Try it.
Make an exact transcript of the lines in the data below, starting with the one containing "From elevator to stock" and going on through the one containing "ECE Alumni Along with Principal & Staff", with both included and the pictures left out.

Excerpted records.
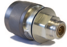
1-5/8" AllTight™ CONNECTOR
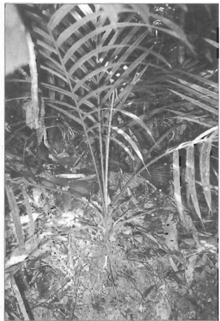
Plate 13 I. kelantanensis : Stemless and solitary, with interfoliar inflorescence.
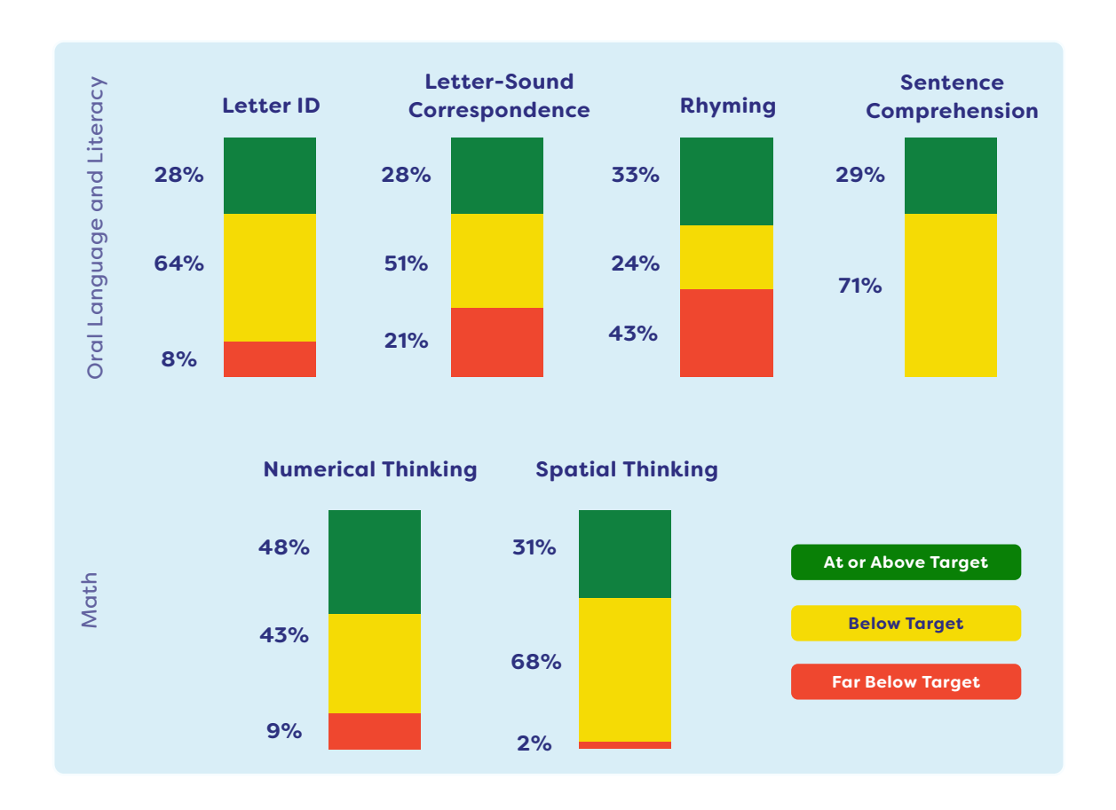
Figure 2: Students Performing Above Target

Figure 1 illustrates student performance on each KRI skill. Students in green are at or above target scores; students in yellow are below target scores; and students in red are far below target scores.
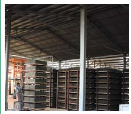
From elevator to stock
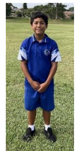
Troy P 5P 12 Years Boys Touch Football
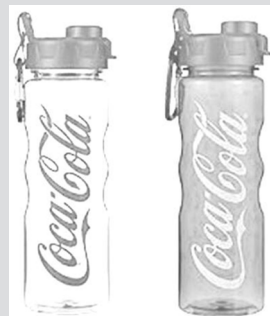
Take your refreshment on the go with this Coca-Cola Water Bottle.
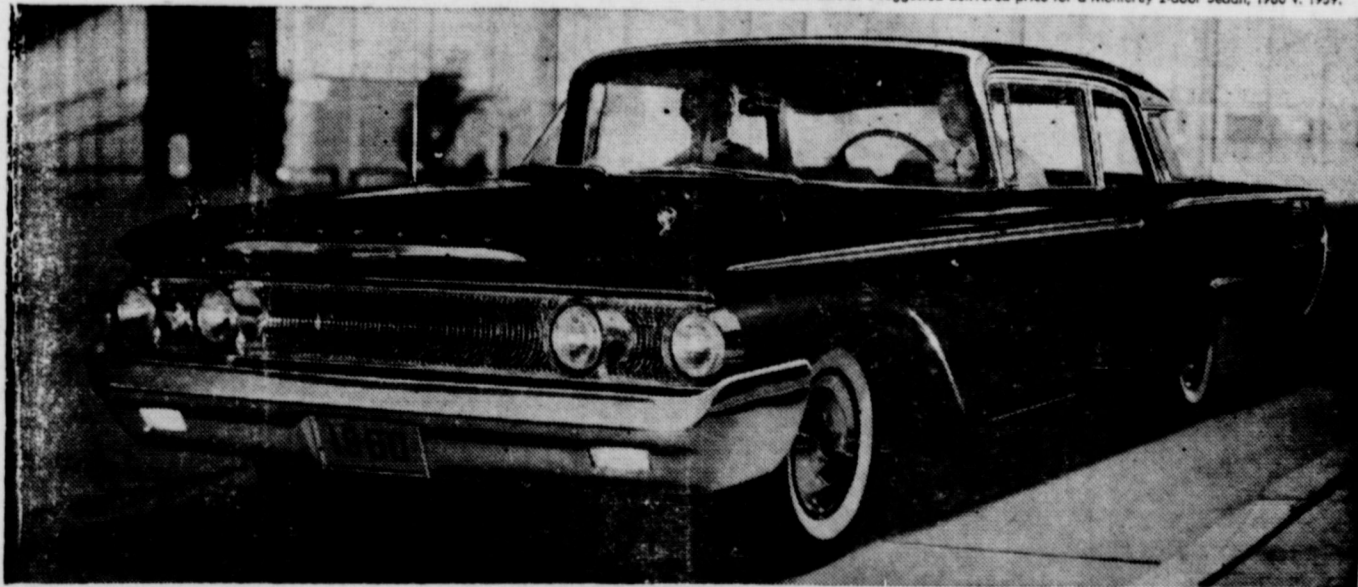
1960 Mercury Monterey 2-door Sedan with deluxe interior and complete carpeting at no extra cost.

*Based on manufacturer's suggested delivered price for a Monterey 2-door Sedan, 1960 v. 1959.
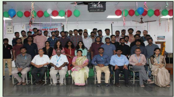
ECE Alumni Along with Principal & Staff

51 alumni attended the meet. Few of the alumni shared their experiences and recollected interesting moments of campus life to the audience. Many alumni opined that the key reason for their success was the platform provided by the institution. Furthermore, the alumni assured all kinds of support and cooperation for the betterment of the students and the institution. They provided valuable feedback on improving the course curriculum. The event concluded with tree plantation, lunch and felicitation of the ECE Alumni.
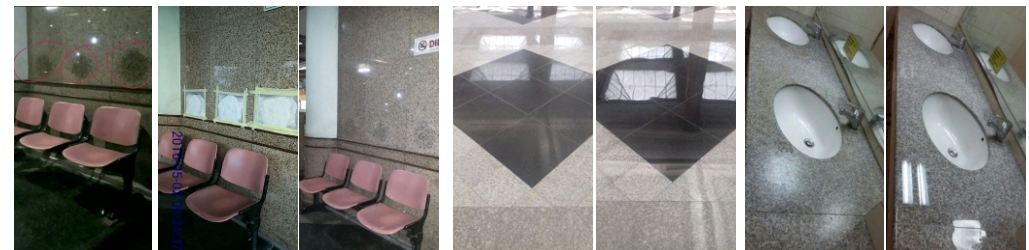
*Before *Maintenance *After *Before *After *Before *After

Solution to the exercise.
From elevator to stock
Troy P 5P 12 Years Boys Touch Football
Take your refreshment on the go with this Coca-Cola Water Bottle.
1960 Mercury Monterey 2-door Sedan with deluxe interior and complete carpeting at no extra cost.

*Based on manufacturer's suggested delivered price for a Monterey 2-door Sedan, 1960 v. 1959.
ECE Alumni Along with Principal & Staff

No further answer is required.